━━━ Entries supplied

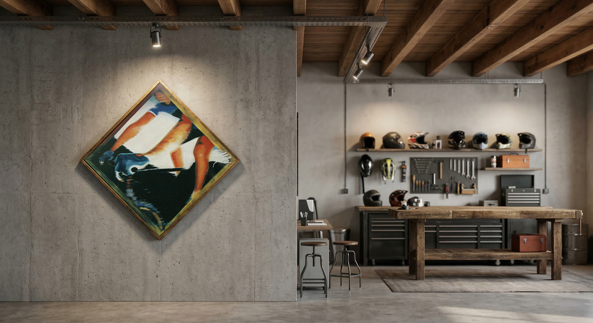 The artwork captures movement and the tension between body, speed, and balance. The fragmented human figure, combined with the presence of a mountain bike, suggests freedom, risk, and continuous flow. The diagonal composition reinforces a sense of motion, while the intense colours and blurred forms create the feeling of action and instinct, where body and bike merge into a single gesture.
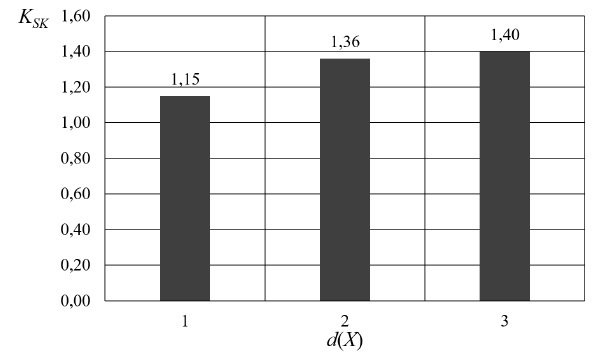 Анализ результатов исследования качества классификации классов шунтового и контрольного режимов критерием KSK показывает, что с использованием модели минимальной сложности с двумя признаками реальный критерий KSK = 1,15, что ниже порога допустимого значения 1,2, то есть классы неправильно классифицируются, а с использованием модели с тремя признаками KSK = 1,36, что превышает порог допустимого значения в 1,13 раза, а с использованием модели с четырьмя признаками KSK = 1,4, и превышение составляет 1,17 раза, и следовательно, классы распознаются правильно. Таким образом, моделью минимальной сложности обученный классификатор не может распознать правильно все классы, так как диапазон дестабилизирующих воздействий значительный, а также большая длина рельсовой линии участка контроля. Вместе с тем добавление дополнительного признака «модуль напряжения на входе рельсовой линии» позволяет существенно повысить классифицирующие свойства модели.
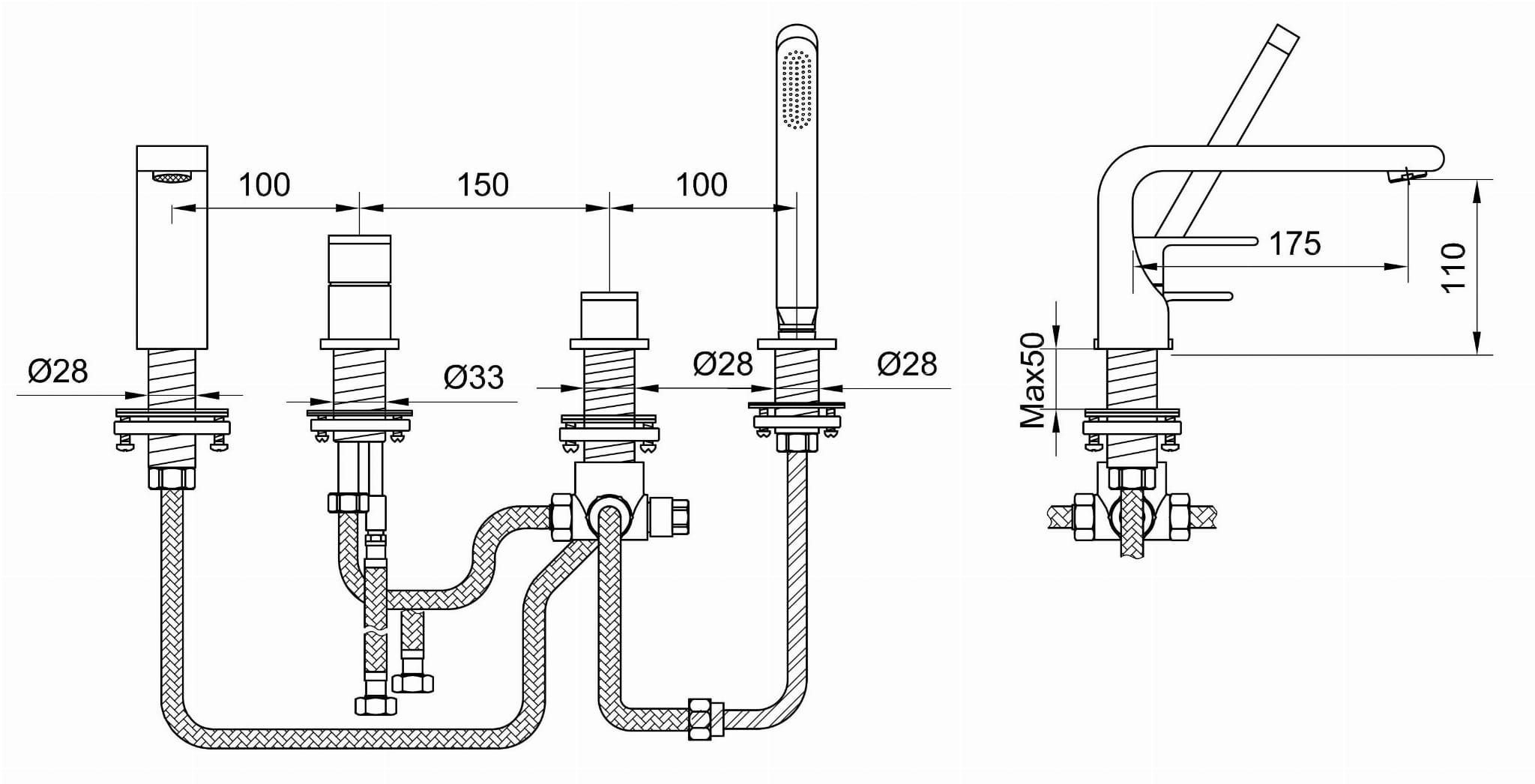 4-otworowa bateria wannowa z mieszaczem
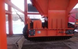 По просьбе заказчика комплекс должен был быть поставлен полностью в собранном виде, но по причине больших габаритных размеров это сделать было практически невозможно. Нашли выход - бункера ушли в собранном виде с установленными на них ленточными питателями, конвейер и площадки обслуживания пришлось везти отдельно.
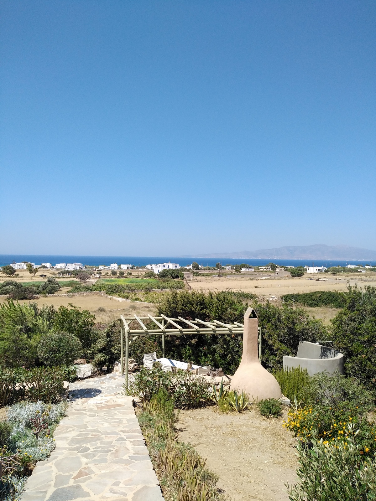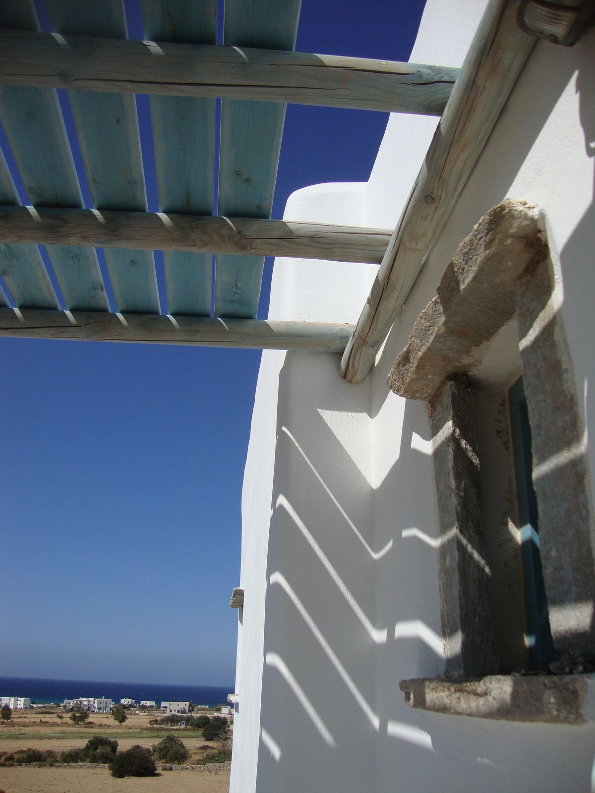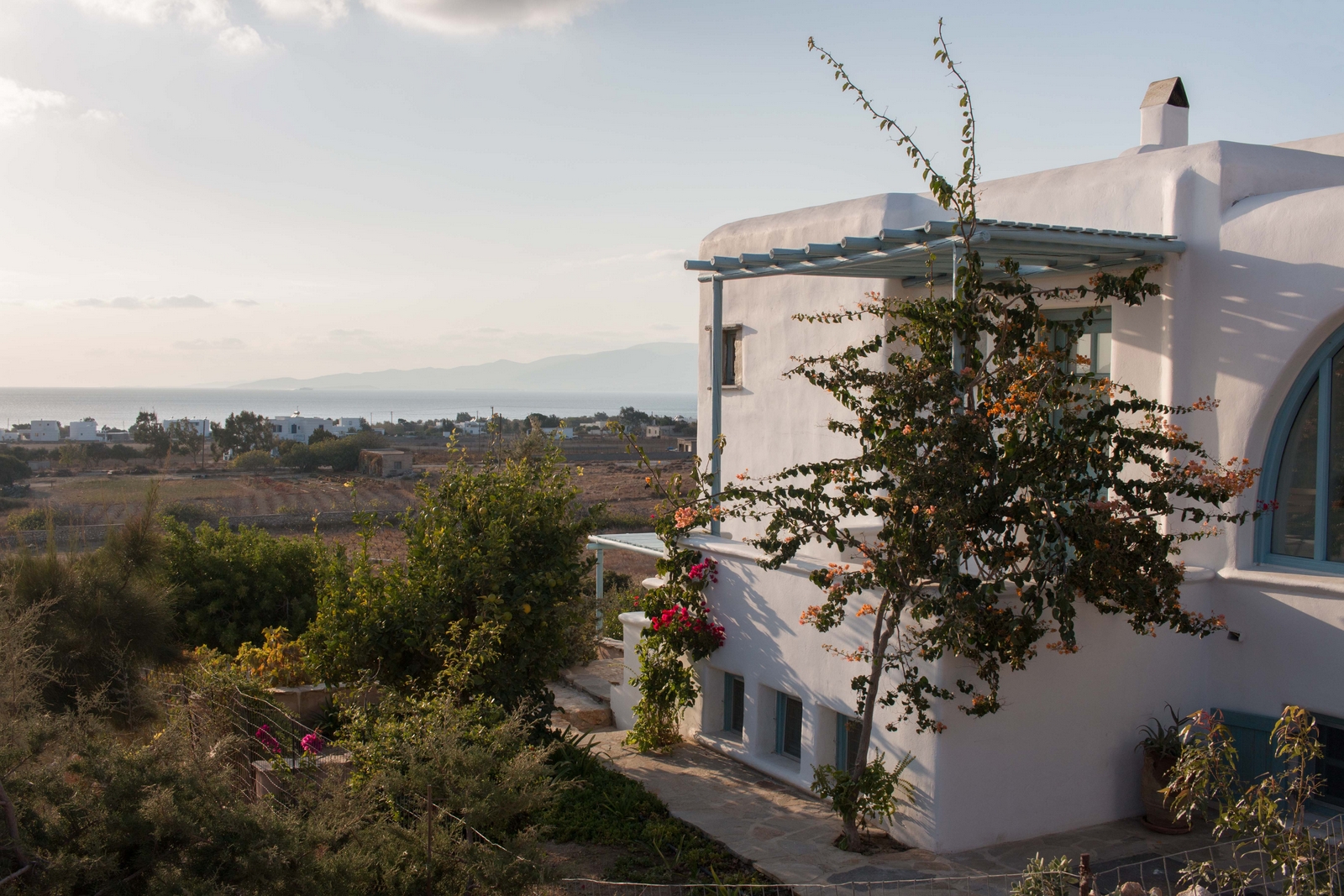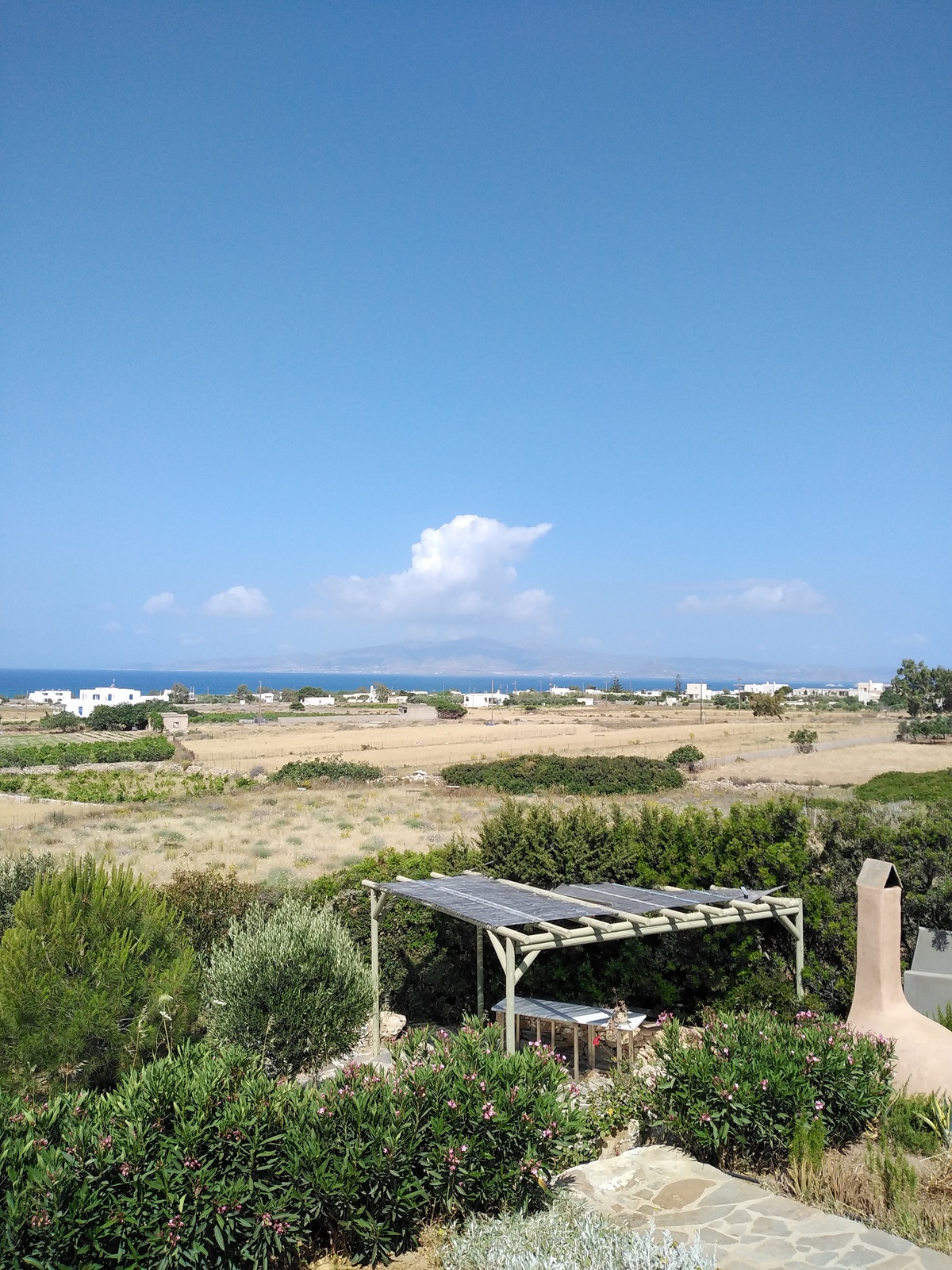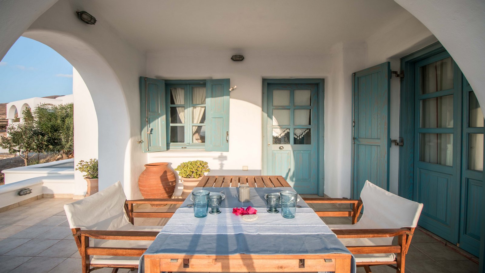 The off-white unit consists of two houses that combine the traditional Cycladic style with modern comforts. Built on a hill with unobstructed views, in a unique surrounding area with squares, stone living rooms, pergolas, dining rooms, BBQ and stone oven.
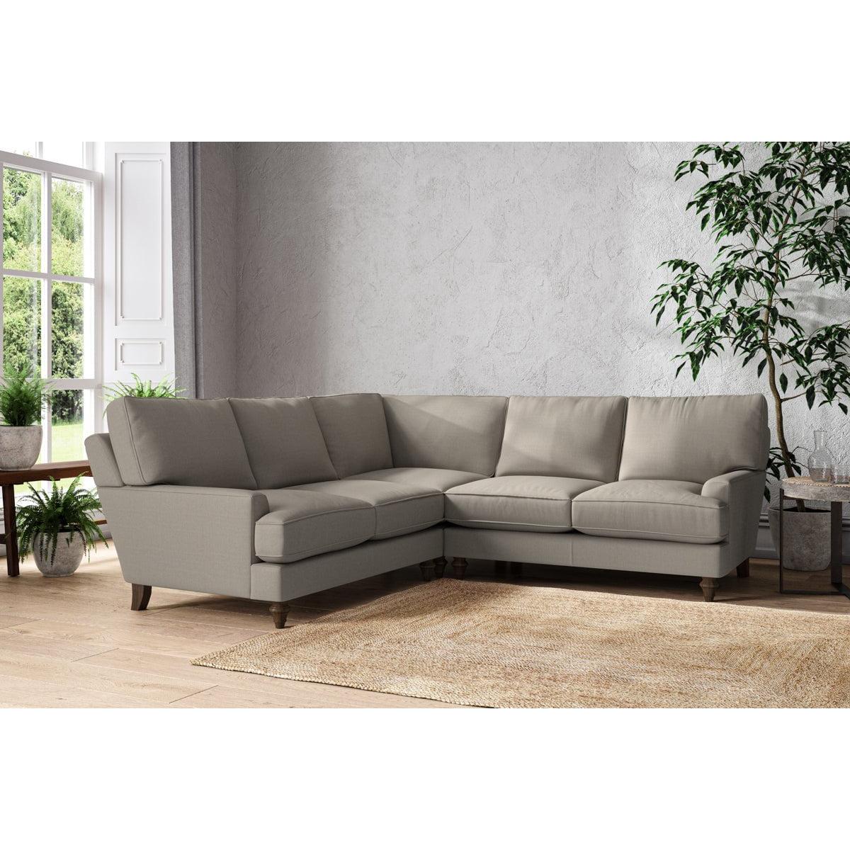 The classic design of our Marri large corner sofa has a timeless appeal that suits almost any interior. Each piece is handcrafted by our specialist team in our Nottinghamshire workshop combining traditional techniques with exceptional craftmanship. Well-considered details ensure lasting quality, including piped edging, separate back cushions, and hand-turned hardwood feet. The hardwood frame and high-grade steel serpentine springs are selected for enduring quality, and the cushions are made from foam with a fibre wrap for added comfort. The fabric is hand cut to size, playing close attention to the characteristics of the material, and the sculpted hardwood feet provides the finishing detail. Our upholstery fabrics are chosen for their style and quality, where all fabrics are FR treated for domestic upholstery ensuring peace of mind as well as meeting specialist UK furniture requirements. Our curated colour palette offers a variety of sophisticated muted shades. Please note, our white background cut-out photography is shown in Natural for shape and style reference. Fabric Swatch OrderingWe recommend ordering fabric swatches before placing your order, giving you the chance to feel the fabric and see your colour choices within your own home. You can order up to 6 free fabric swatches by clicking here. it fit?Before placing your order, it's important to take the time to measure the space you intend to place your made-to-order furniture to ensure it fits properly. You can read more in our Sofa Buying Guide.

━━━━━━

§ **Exercise objective**
The entries above need to be output again in full, exactly, and without pictures.

§ **Answer box**
 The artwork captures movement and the tension between body, speed, and balance. The fragmented human figure, combined with the presence of a mountain bike, suggests freedom, risk, and continuous flow. The diagonal composition reinforces a sense of motion, while the intense colours and blurred forms create the feeling of action and instinct, where body and bike merge into a single gesture.
 Анализ результатов исследования качества классификации классов шунтового и контрольного режимов критерием KSK показывает, что с использованием модели минимальной сложности с двумя признаками реальный критерий KSK = 1,15, что ниже порога допустимого значения 1,2, то есть классы неправильно классифицируются, а с использованием модели с тремя признаками KSK = 1,36, что превышает порог допустимого значения в 1,13 раза, а с использованием модели с четырьмя признаками KSK = 1,4, и превышение составляет 1,17 раза, и следовательно, классы распознаются правильно. Таким образом, моделью минимальной сложности обученный классификатор не может распознать правильно все классы, так как диапазон дестабилизирующих воздействий значительный, а также большая длина рельсовой линии участка контроля. Вместе с тем добавление дополнительного признака «модуль напряжения на входе рельсовой линии» позволяет существенно повысить классифицирующие свойства модели.
 4-otworowa bateria wannowa z mieszaczem
 По просьбе заказчика комплекс должен был быть поставлен полностью в собранном виде, но по причине больших габаритных размеров это сделать было практически невозможно. Нашли выход - бункера ушли в собранном виде с установленными на них ленточными питателями, конвейер и площадки обслуживания пришлось везти отдельно.
 The off-white unit consists of two houses that combine the traditional Cycladic style with modern comforts. Built on a hill with unobstructed views, in a unique surrounding area with squares, stone living rooms, pergolas, dining rooms, BBQ and stone oven.
 The classic design of our Marri large corner sofa has a timeless appeal that suits almost any interior. Each piece is handcrafted by our specialist team in our Nottinghamshire workshop combining traditional techniques with exceptional craftmanship. Well-considered details ensure lasting quality, including piped edging, separate back cushions, and hand-turned hardwood feet. The hardwood frame and high-grade steel serpentine springs are selected for enduring quality, and the cushions are made from foam with a fibre wrap for added comfort. The fabric is hand cut to size, playing close attention to the characteristics of the material, and the sculpted hardwood feet provides the finishing detail. Our upholstery fabrics are chosen for their style and quality, where all fabrics are FR treated for domestic upholstery ensuring peace of mind as well as meeting specialist UK furniture requirements. Our curated colour palette offers a variety of sophisticated muted shades. Please note, our white background cut-out photography is shown in Natural for shape and style reference. Fabric Swatch OrderingWe recommend ordering fabric swatches before placing your order, giving you the chance to feel the fabric and see your colour choices within your own home. You can order up to 6 free fabric swatches by clicking here. it fit?Before placing your order, it's important to take the time to measure the space you intend to place your made-to-order furniture to ensure it fits properly. You can read more in our Sofa Buying Guide.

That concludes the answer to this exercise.